With NATO reaching a compromise to protect Turkey in the event of war with Iraq, the European Union sought to present its own united front. EU leaders gathered for an emergency summit in Brussels to try to avert a crisis in the ranks, with France and Germany staunchly opposing conflict in Iraq. Britain, Italy, and Spain were taking a tough line against Iraq. Meanwhile, Iraq's foreign minister complained that its neighbors were doing too little to prevent war after the Arab League failed to set a date for its own emergency summit.

As leftist demonstrators protested outside, Turkey's prime minister said parliament's already-delayed vote to OK US troop deployments likely will be postponed still further. The decision, urgently awaited in Washington, had been expected Tuesday. But passage has been complicated by lack of a specific aid package to compensate Turkey for any losses incurred from war with neighboring Iraq and by European reluctance to defend Turkey from possible Iraqi counterattack.

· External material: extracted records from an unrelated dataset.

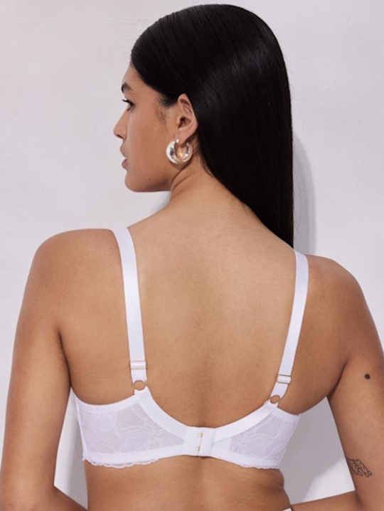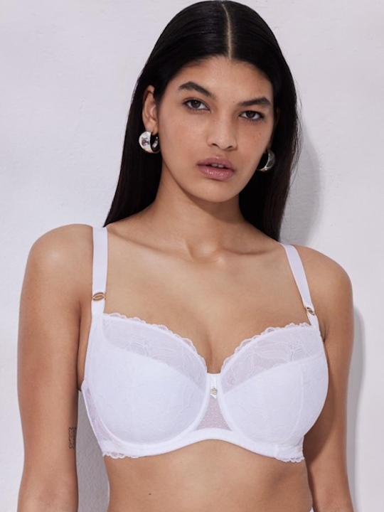 Бюст Glow PU выполнен на косточках (на каркасах), с дополнительными боковыми поддержками, чашки шитые, нижняя часть на тонком поролоне белого цвета, с внешней стороны из кружева в легким мерцающим эффектом, внутренняя сторона проложена хлопковым трикотажем, верхняя часть кружевная, продублирована сеткой в тон. Бретельки не отстёгиваются, регулируются по длине, фурнитура металлическая цвета желтого золота. Спинка кружевная продублирована сеткой в тон. На спине застёжка на удлинитель, количество крючков в ряду застёжки, увеличивается пропорционально размеру бюстгальтера. Бюстгальтер идеально сочетается с трусиками Glow.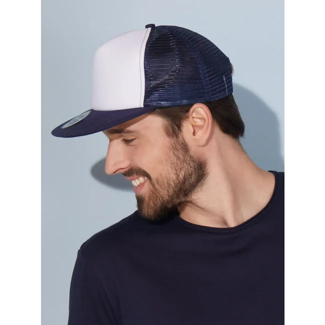 100% poliestere. 6 cuciture decorative sulla visiera, fascia interna tergisudore imbottita in cotone, adesivo rimovibile sulla visiera, chiusura "Click & snap" per aggiustare la taglia
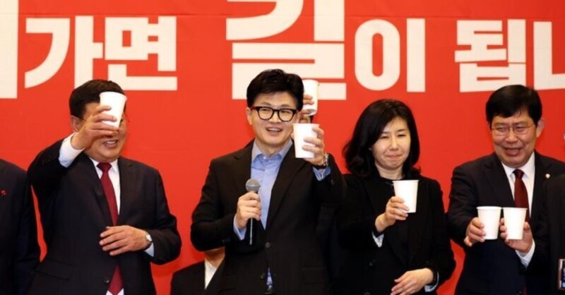건배하는 한동훈, 지지자들은 환호.. "대구는 내 정치적 고향" 이것들이 정녕..사람들인가?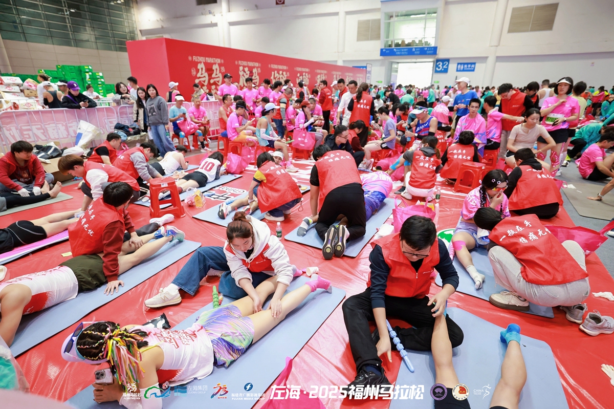 图 | 海峡国际会展中心终点区,工作人员为跑者提供暖心服务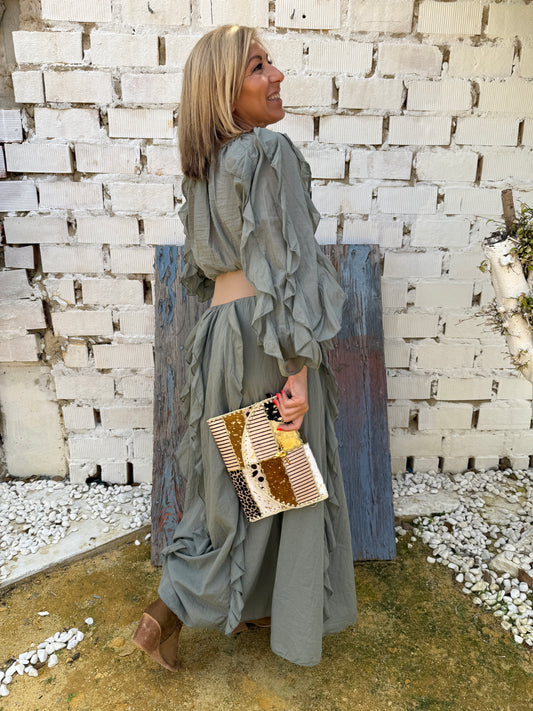 FALDA DRAPEADA TERCIOPELO BROCHE DORADO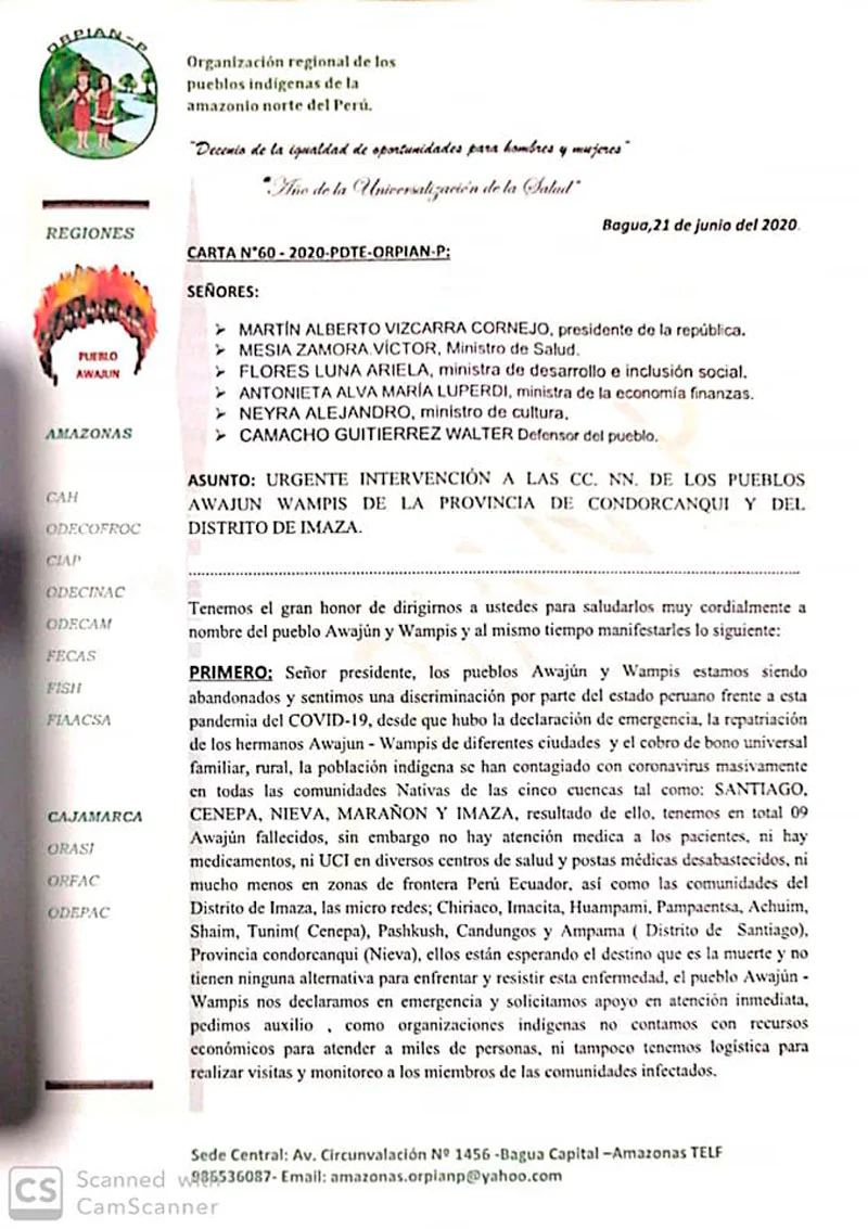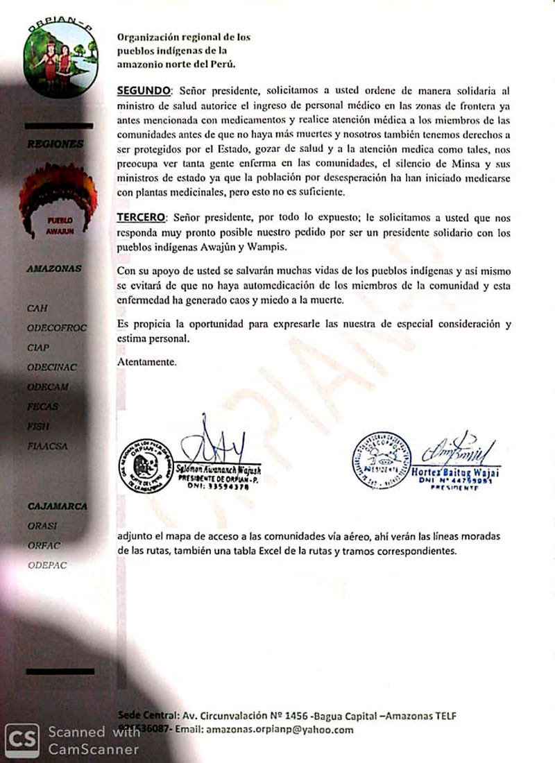“Señor presidente, los pueblos awajún y wampis estamos siendo abandonados y sentimos una discriminación por parte del Estado peruano frente a esta pandemia del COVID-19. Desde que hubo la declaración de emergencia, la repatriación de los hermanos awajún-wampis de diferentes ciudades y el cobro de bono universal familiar, rural, la población indígena se ha contagiado con coronavirus masivamente en todas las comunidades nativas de las cinco cuencas: Santiago, Cenepa, Nieva, Marañón e Imaza. Resultado de ello tenemos en total 9 awajún fallecidos. Sin embargo no hay atención médica a los pacientes, ni hay medicamentos, ni UCI en diversos centros de salud y postas médicas desabastecidos”, se lee en la carta.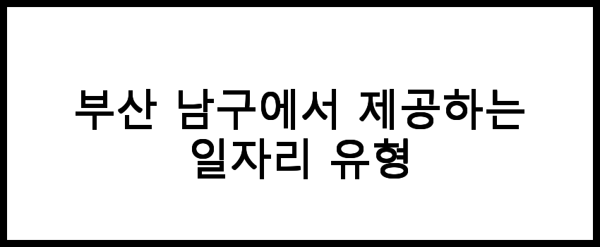 부산 남구에서는 다양한 유형의 일자리가 제공됩니다. 이들 일자리는 주로 다음과 같은 분야로 나뉩니다: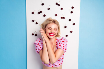 Young blonde woman smiling in a cherry patterned top, lying against a blue and white backdrop with scattered cherries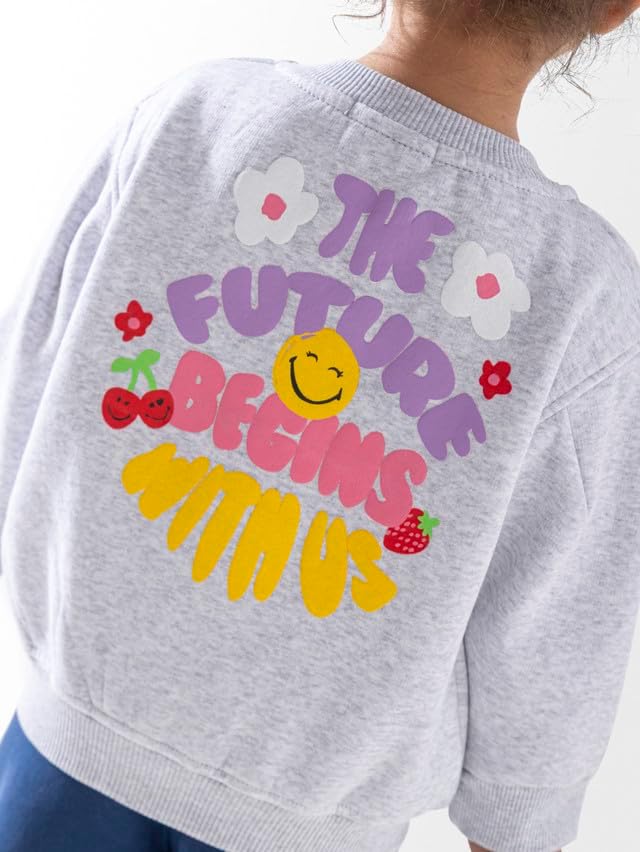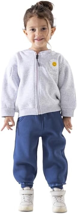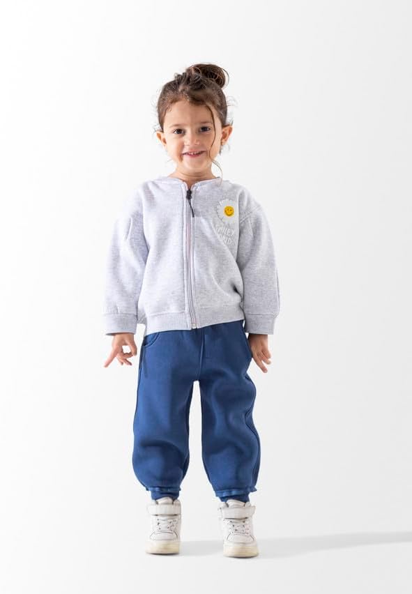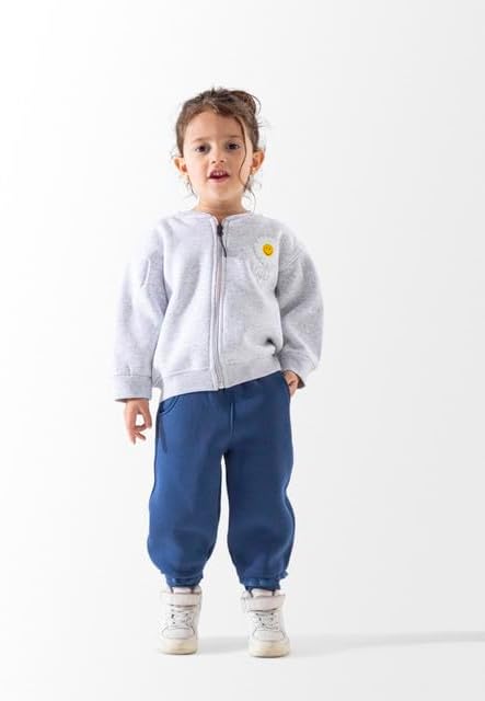 طقم بدلة رياضية مريحة للأطفال مصنوع من مزيج من القطن الناعم. يتضمن هودي بسحاب رمادي فاتح مع طباعة وجه مبتسم لطيف وسروال رياضي أزرق كحلي. مثالي للارتداء اليومي أو ممارسة الرياضة أو الاسترخاء.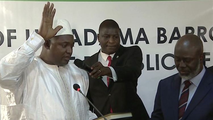 Kurz vorher war der Wahlsieger Adama Barrow als neuer Staatschef Gambias vereidigt worden. Barrow musste den Amtseid allerdings in der gambischen Botschaft im Senegal ablegen. Nun sollten alle Gambier zusammenstehen, um dem Land zu einem Neuanfang zu verhelfen, forderte er in der im staatlichen Fernsehen übertragenen Zeremonie. Seine Regierung werde sich für Reformen und eine Stärkung der Demokratie einsetzen, erklärte er.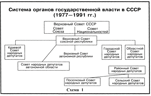 Конституция СССР 1977 г. В октябре 1977 г. внеочередная сессия Верховного Совета СССР приняла новую Конституцию. Предварительно проект Основного Закона был опубликован в центральной и местной печати. На предприятиях, в колхозах, в учебных заведениях прошло обсуждение конституционного документа. Широкое, свободное рассмотрение проекта Основного Закона расценивалось как доказательство преимуществ советской демократии перед буржуазной. В основу новой Конституции была положена концепция «развитого социализма». Его характеристика содержалась в преамбуле документа. Главным принципом государственной власти провозглашалось полновластие народа. Закреплялась утвержденная прежними Конституциями политическая основа государства — Советы. Отныне они стали называться Советами народных депутатов. Все Советы народных депутатов — Верховный Совет СССР, Верховные Советы союзных и автономных республик, краевые, областные и другие Советы составляли единую систему органов государственной власти. (схема 1)

North Korea's government ratcheted up the rhetoric over its weapons program by claiming, "Victory in a nuclear conflict is ours." The saber-rattling came as the US and South Korea announced their annual joint war games will begin next month and as leader Kim Jong Il was treated to a national celebration of his 61st birthday.

Reeling from a heavy new hit to its ranks, Hamas vowed "thunderous attacks" inside Israel in revenge. Six Hamas militants were killed when a remote-controlled glider on which they were working blew up. A Hamas spokesman accused Israel of booby-trapping it. Earlier, the chief of Hamas's military wing in Gaza died after an exchange of gunfire with Israeli troops. Both incidents followed the explosion of a landmine Saturday that killed a four-man Israeli tank crew, for which Hamas claimed responsibility.

New uncertainty clouded hopes for early reunification of Cyprus after the island's Greek community elected opposition leader Tassos Papadoupoulos as its president. The outcome of the vote was greeted with disappointment by Turkish Cypriot President Rauf Denktash, who'd openly preferred the reelection of Glafkos Clerides, with whom he has been negotiating possible reunification.